You my friend are a dam good turner…. if any of your handles run over in abundance for space…lol…....please let me know….great work and highly admired! Thanks for the post!


----------



## Cher

Hi Mads, glad to see you're happy with your new addition and I see you have already got started, good for you.
You can look at youtube for wood turning, some of those videos are good. I got a DVD with my Tormek and I must say the instructions on turning are excellent.

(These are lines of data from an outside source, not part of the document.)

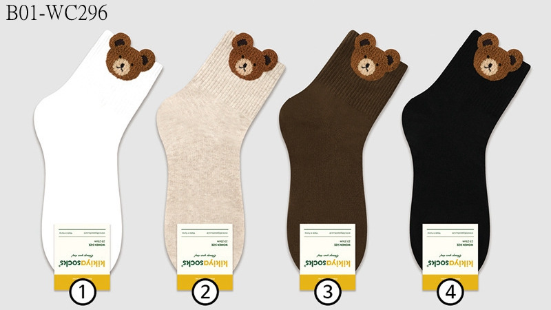 B01-WC296# 韓國KIKIYA襪口絨毛小熊中筒襪
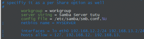 1、通过命令vim /etc/samba/smb.conf 来配置文件
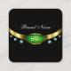 Luxury Black Gold Green Marble Rhinestone Monogram Square Business Card
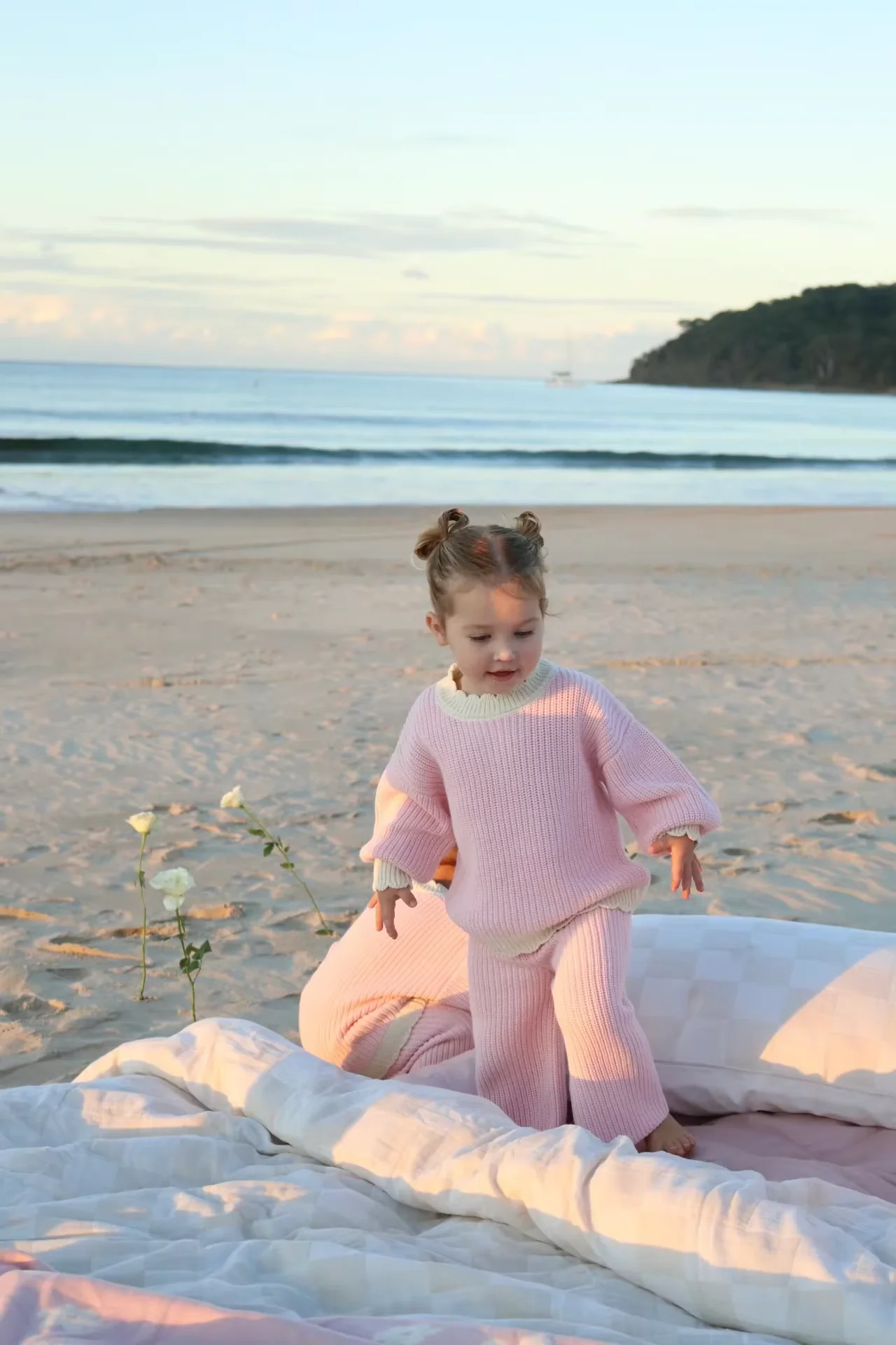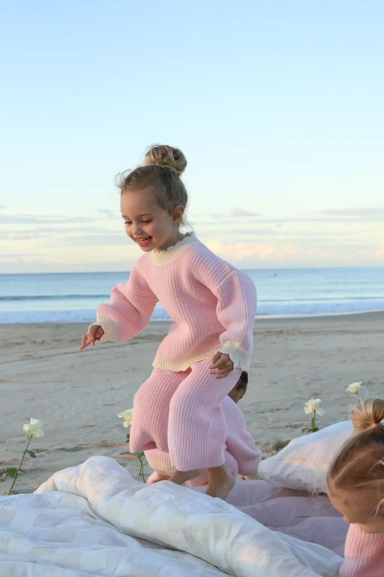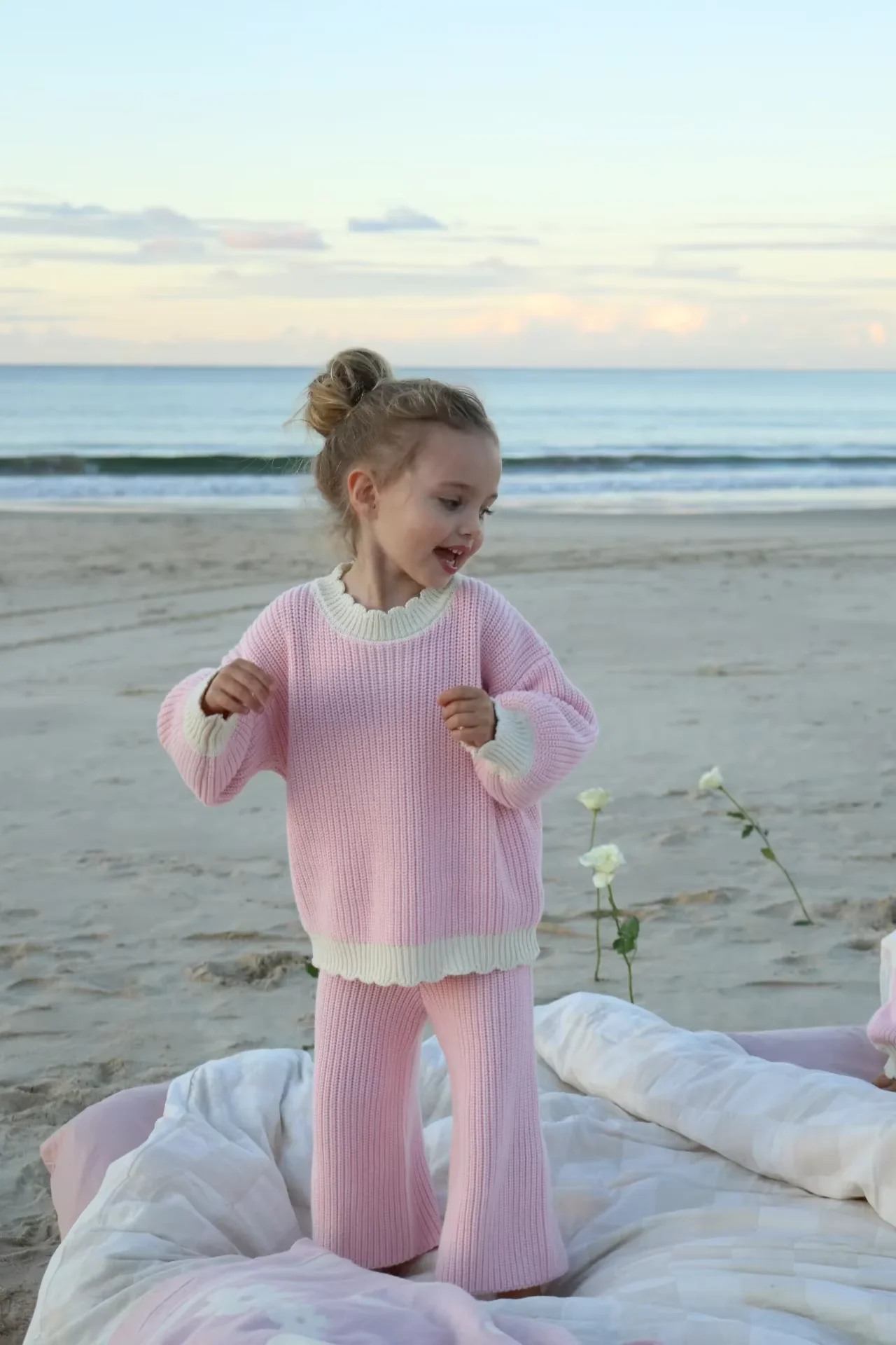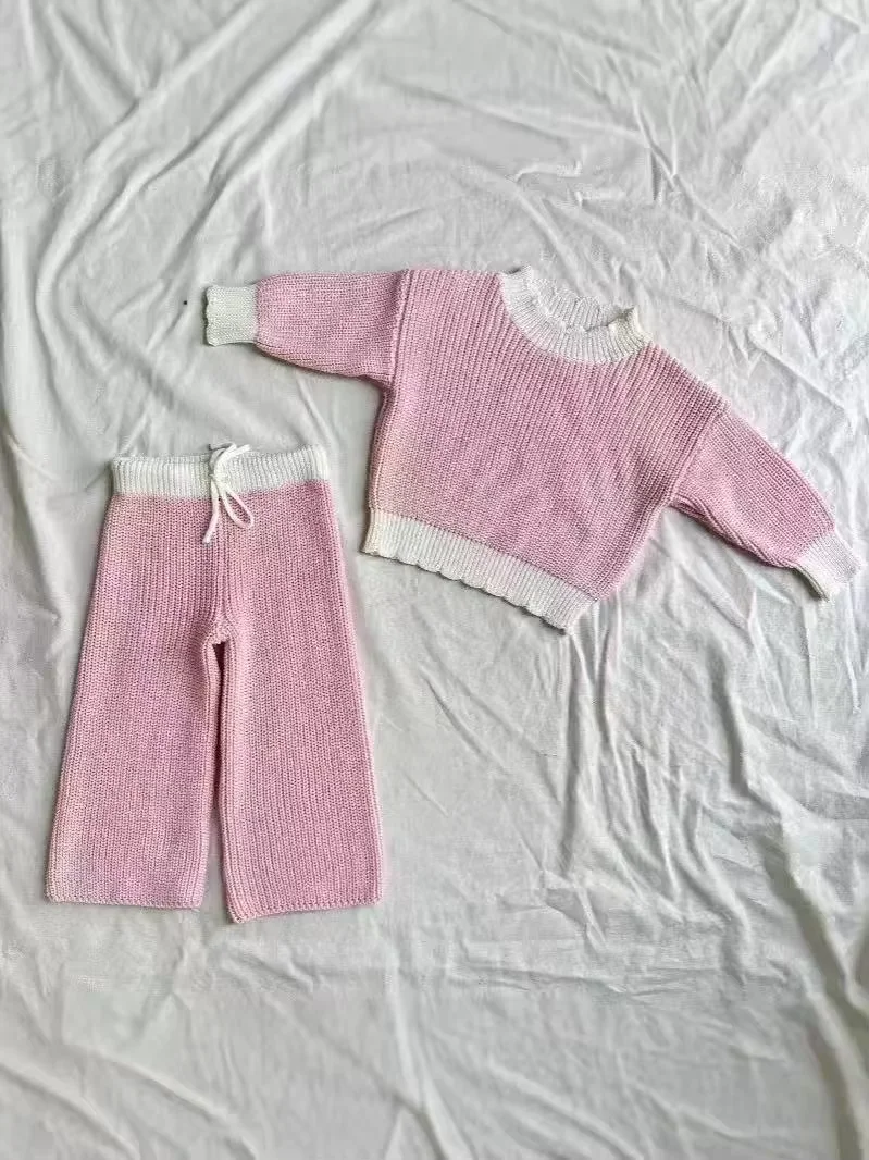 Adorable Custom 100% Cotton Baby Sweater Floral Collar Hem Set Winter Long Sleeve Chunky Pullover Kids Knit Set
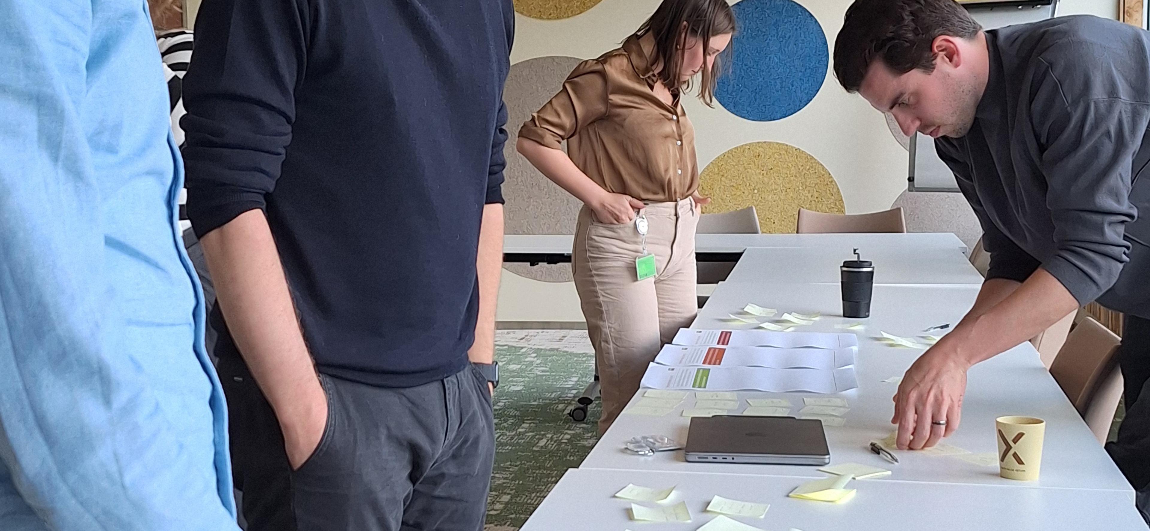 Hoe dat in de praktijk werkt? Onderdeel van CxE is om te onderzoeken hoe we innovatieteams van Alliander en ontwerpers kunnen laten samenwerken. Hun proces dat ze daarbij gebruiken is vastgelegd in wat zij de 'innovatiefunnel' noemen, een stappenproces om vraagstukken te definiëren, oplossingsrichtingen te zoeken, deze te realiseren en te implementeren. We zien tot nu toe dat ontwerpers in de eerste twee stappen van waarde kunnen zijn. Dus de definitie: is dit echt de vraag, of is er nog een vraag achter de vraag? En oplossingsrichtingen: op welke manieren kunnen we de puzzel leggen om tot een oplossing te komen?
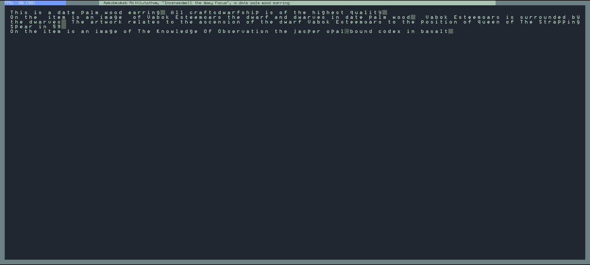 第一个 artifact 出来了,这一个耳环上是刻了多少东西……………………………… #DwarfFortress https://t.co/bngVIaXNyp
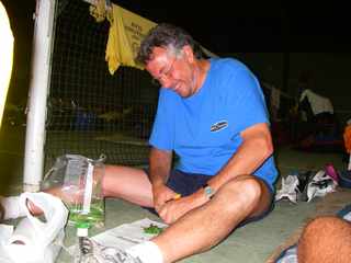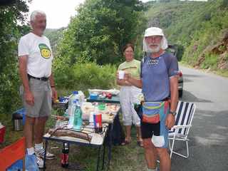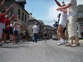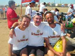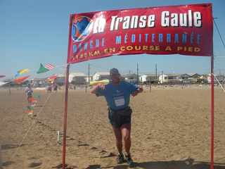 Olaf berichtet.... Transe Gaule, was ist das? Ein Paradigma für Kurzstreckenläufer? Für Ultraläufer ein Begriff, es ist einer der ganz wenigen Läufe fast durch ein ganzes Land. Durch Frankreich. Von Roscoff nahe Brest bis Grussian bei Narbonne, 1.150 km, 13.000 Höhenmeter bergauf und, weil von Meer zu Meer, auch 13.000 Meter wieder bergab. In 18 Tagen. Manchmal gibt es lange Etappen, bis 75km und manchmal auch recht kurze, 49 km (nur). Da haben auch die Langsameren der Läufer dort mal einen kurzen Nachmittag frei. Zum Wäschewaschen, Schlafen oder anderen alltäglichen Dingen, die auf weniger als das vermeintlich notwendige Minimum reduziert werden müssen. Für die philosophische Frage, ob vielleicht ein Urlaub in einem all-inclusive-Hotel nicht die preiswertere, erholsamere und daher auch erstrebenswertere Variante für 3 Wochen wäre, gibt es genug Zeit zum Nachdenken. Z.B. bei einem der 3 sehr feuchten Regentage, Regen von früh bis spät. Am heißesten Tag, 37°C, sehr schwül, fällt das Denken schwer, jeder kämpft gegen Dehydrierung, Sonne und am Ende wohl auch gegen sich selbst. Aber das ist Läuferalltag. Das ist in nahezu jedem x-beliebigen Laufmagazin beschrieben. Das gesamte Prozedere: Anreise: von Nürnberg 1.500 km. Das zieht sich, ob mit Auto oder Bahn. Übernachtung: In Hallen. Manchmal schön, sauber und groß genug für alle, gute Sanitäranlagen. Manchmal auch das Gegenteil. Aber: das ist nicht wichtig, man schläft meistens gut. Auch hat mich nicht mehr gestört, wenn meine Laufsachen nach einem Kurzwaschgang über Nacht nicht trocken werden. Dann gibt es eben frische Sachen. Irgendwie wird das ganze Zeug dann eben doch trocken und man kommt mit erstaunlich wenig Wäsche aus. Früh morgens: 05:00 Uhr wecken, Sachen packen: Schlafsack, Luftmatratze, frische Wäsche, Schmutzwäsche, Salben, Cremes, Schuhe. Alles verschwindet in Minuten in Plastiktüten und dann in der Reisetasche. Ein kleines Frühstück. Fertig machen zum Laufen, 06:15 Uhr Briefing, 06:30 Uhr ist Start. Ausnahme: letzter Tag. Aufstehen 04:00 Uhr, Start 05:30. Damit wir im Mittelmeer länger baden können. Der Lauf: Früh geht’s im Halbdunkel los, der Betreuertross überholt die Läufer langsam und das Feld zieht sich auseinander. Man kann den ganzen Tag alleine laufen, wenn man es möchte. Kein Tag ist gleich. Mal der höchst Pass (Col de Legal, 1231 m), mal die längste Etappe (75 km), die Etappe mit den meisten Höhenmetern (1350 m), die landschaftlich schönste Etappe, der Tag mit dem meisten Regen, der Tag mit den wenigsten Asphaltkilometern (es geht viele km am Kanal entlang, ähnlich dem König Ludwig Kanal, eine in Franken gut bekannte Laufstrecke). Der eine Tag mit mehr Freude am Laufen, der andere Tag mit etwas weniger. Ein Tag mit Hochgefühl bei schnellem Lauf, ein anderer vielleicht mit Schmerzen. Die Finish Line: JiBi, der Organisator, pfeift mit seiner Trillerpfeife und kündigt die Ankunft eines Läufers an. Man läuft durch einen Zielbogen. Die Zeit wird auf eine Tafel geschrieben, es gibt etwas zu trinken und das Abendprogramm beginnt. Umgekehrte Reihenfolge des Morgenprogramms, Ausnahme das Essen, besonders wenn es vorher eine Einladung des Bürgermeisters gibt (passiert manchmal). Start ist genau an der Stelle, wo der Lauf am Vortag beendet wurde. Das Ende: Eigentlich ist der Bericht jetzt am Ende. Der interessierte Läufer kann auf der Internetseite des Transe Gaule alles nachlesen. Die Strecke , die Ergebnisse und noch vieles mehr. War das Alles? Aber irgendetwas fehlt noch in diesem kurzen Bericht.
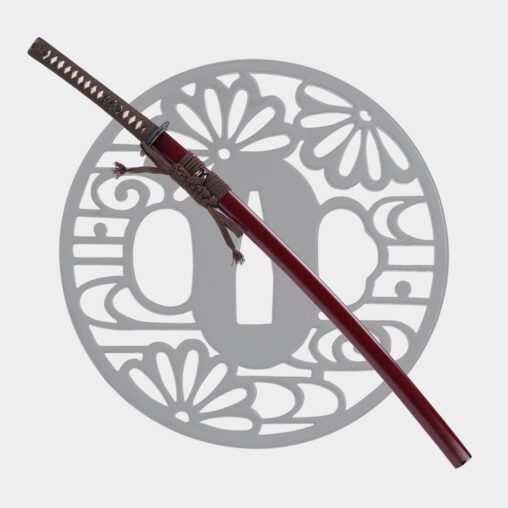The tsuba is finished in a muted silver-gray tone and features an elegant openwork floral motif, adding a clean decorative touch without overpowering the overall design. A single mekugi secures the blade’s full tang to the wooden core tsuka, covered in black samegawa and wrapped with tightly done tsukamaki using red artificial silk tsuka ito.
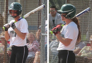 PHOTOS: (Top) Sydney Coe winds up during Wednesday's doubleheader at East Jackson. (Middle) Paige Kortz waits on a pitch Wednesday. (Below) Kortz, left and Rachel Griffin are two of a strong group of seniors leading the Pirates. (Photos by Chip Mundy.)
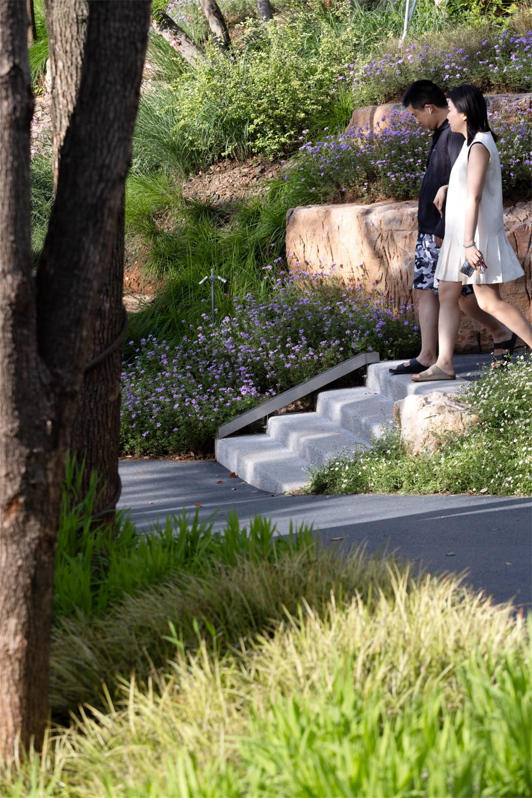 另外,地面材料、地被植物等,也是以最具性价比的方式做了规划。考虑适应性极高的透水混凝土、洗米石、预制混凝土汀步(部分利旧)、防腐木等,适应区域调性也为商家听提供更好的适配度。地被则是按区域划分不同表达主题,尽量因地制宜,节点处平地、边坡会有区域内风格表达,其他公区则是借由地形空间顺势而为,做到尽量自然又适度克制。
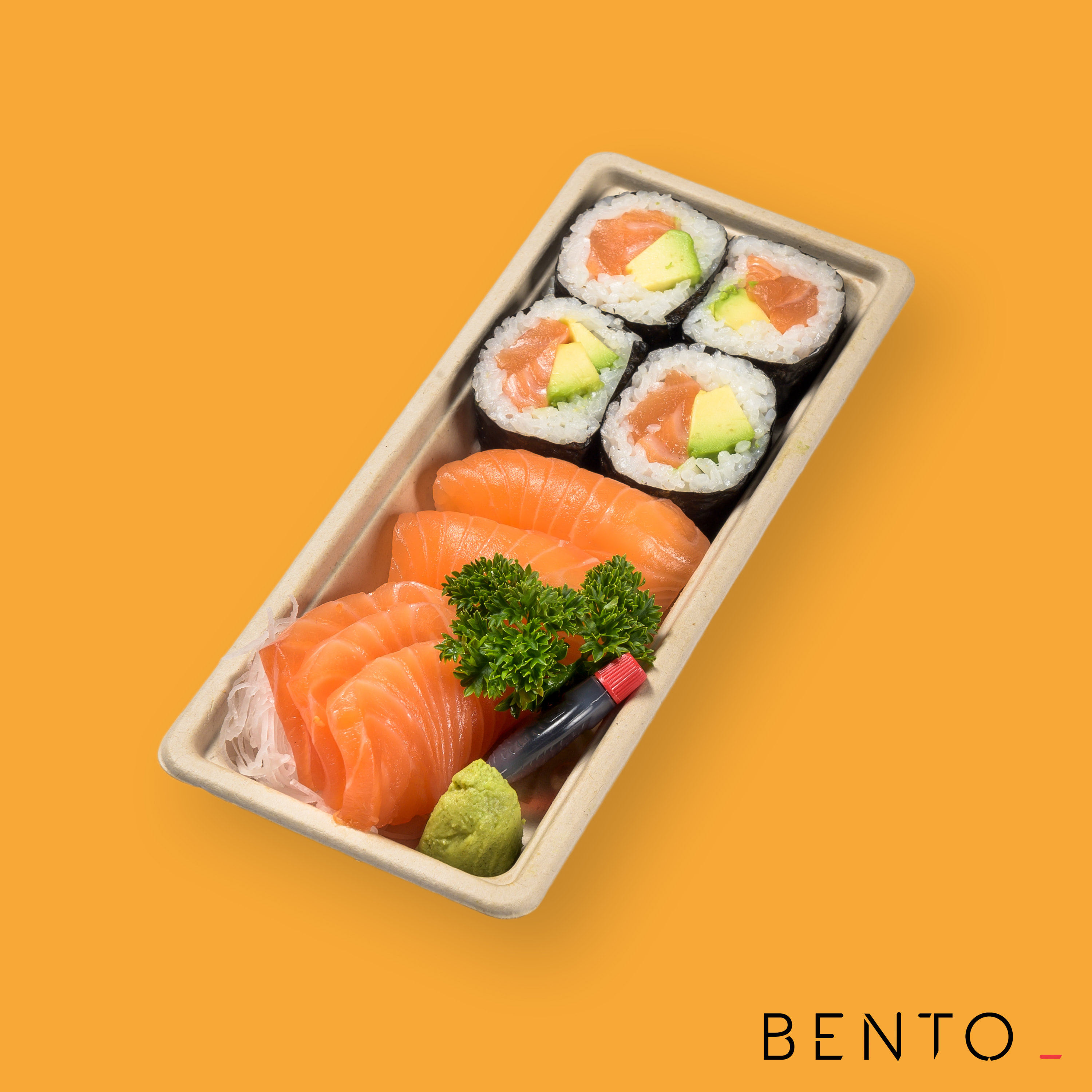 3 pieces of fresh salmon sashimi slice, 4 pieces of salmon avocado roll and 2 pieces of fresh salmon nigiris
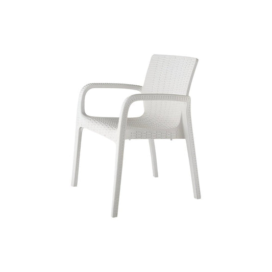 Set of Two White Faux Rattan Heavy Duty Plastic Outdoor Stacking Arm Chairs

Thanks for sharing Mads, enjoy!!


----------



## michelletwo

glad you are happy with your lathe..I have a very old record mini-lathe and it is built like a tank. So record makes good stuff. the only issue I see is the bedrails..the tubes are really not stiff enough for heavy turning..but it sounds like you aren't going to strain it, so I'm sure it will be fine.


----------



## carlosponti

mafe thanks this will be my goto review when i am asked. the forum i am in people ask about them a lot and i havent had much to say.


----------



## mafe

Joe was it you that askede me to do the review, I could not remember?


----------



## carlosponti

yes that was me.


----------



## mafe

Ahhh so I'm happy.
(Sorry for my bad memory).
Best thoughts,
Mads


----------